Sea of Galilee

The Sea of Galilee is, without doubt, one of the most beautiful places in the Holy Land, and it has changed remarkably little since the days of Jesus. It is, of course, not a sea, but a freshwater lake, and is known by various names in addition to the Sea of Galilee – to modern-day Israelis it is Lake Kinneret.

It lies in the Jordan gorge, 682 feet below the level of the Mediterranean. An irregular oval nearly thirteen miles long, its maximum width, near the northern end, is about seven and a half miles. The lake is enclosed on the east and west by mountains; the former, a uniform wall 2000 feet high sloping steeply to within half a mile of the shore. The lake is fed by several torrents and by hot springs on the north and west, but principally by the Jordan, which enters at the north-east corner and rushes out at the south-western extremity. The depth of the lake nowhere exceeds 150 feet. Its water is sweet and good to drink. Fish are so abundant that catches of 600 pounds are not rare, and in one exceptional season (1896) 9200 pounds of fish were hauled ashore in one huge net. For thousands of years, fishermen have filled their nets in the lake with damselfish, scaleless blennies, catfish, mouthbreeders and barbels. This is the catch that Peter and his brother Andrew harvested when Jesus commanded them to put down their nets on the other side of the boat.

The peaceful calm of the Sea of Galilee can quickly become transformed by a violent storm. Winds funnel through the east-west aligned Galilee hill country and stir up the waters quickly in a half an hour. More violent are the winds that come off the hills of the Golan Heights to the east. Trapped in the basin, the winds can be deadly to fishermen. A storm in March 1992 sent waves 10 feet high crashing into downtown Tiberias and causing significant damage. But in half an hour again the lake is restored to a mirror-like calm. It was during one of these winter storms that Jesus and his disciples were caught out on the lake and the Savior calmed the tempest. It was also here that Jesus walked on the water and, in his excitement at seeing Him, Peter leaped out of the boat, only to sink beneath the waves.

The Sea of Galilee has been called “the cradle of the Gospel”, and no wonder.

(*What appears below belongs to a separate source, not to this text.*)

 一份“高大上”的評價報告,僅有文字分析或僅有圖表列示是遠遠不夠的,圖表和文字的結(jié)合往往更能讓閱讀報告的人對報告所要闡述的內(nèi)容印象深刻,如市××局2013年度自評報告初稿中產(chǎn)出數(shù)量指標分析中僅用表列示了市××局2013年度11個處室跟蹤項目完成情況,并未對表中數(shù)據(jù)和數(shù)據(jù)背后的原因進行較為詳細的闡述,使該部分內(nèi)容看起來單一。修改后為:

Jesus preached there to the multitudes, sometimes while standing in one of the fishing boats. In one of His final acts on earth, Jesus appeared at the edge of The Sea of Galilee to his disciples after his resurrection, and ate breakfast with them.
One must marvel at the fact that such a small body of water as The Sea of Galilee should hold such significance to Christians. But it must also be remembered that lake fishermen were simple people — almost childlike. What more appropriate place would one expect the Messiah to collect those He charged to spread His Gospel than the most humble of people?

The Plain of Gennesaret spreads out below the Arbel cliffs. About five miles long and two miles wide, this stretch of land alongside Galilee’s northwest shore was renowned for its fertility. Josephus wrote that it was “wonderful in its characteristics and in its beauty. Thanks to the rich soil there is not a plant that does not flourish there, and the inhabitants grow everything: the air is so temperate that it suits the most diverse species.”

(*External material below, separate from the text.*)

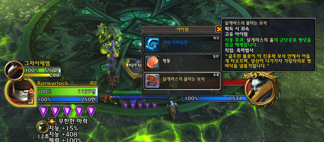 '살게라스의 불타는 보석' 파괴 흑마법사 유물 무기 히든 형상템 획득!!

In 1986 a wooden vessel from the first century was discovered near Nof Ginnosaur on the lake’s northwestern shore. Studies have determined the type of wood was used (mainly cedar and oak), the style of construction (mortise and tenon joints), the date (on the basis of construction techniques, pottery and Carbon 14 tests) and the size (26 by 7 feet – big enough for 15 men). This is believed to be the type of boat that Peter would have used. Modern day tour boats are modeled after the remains.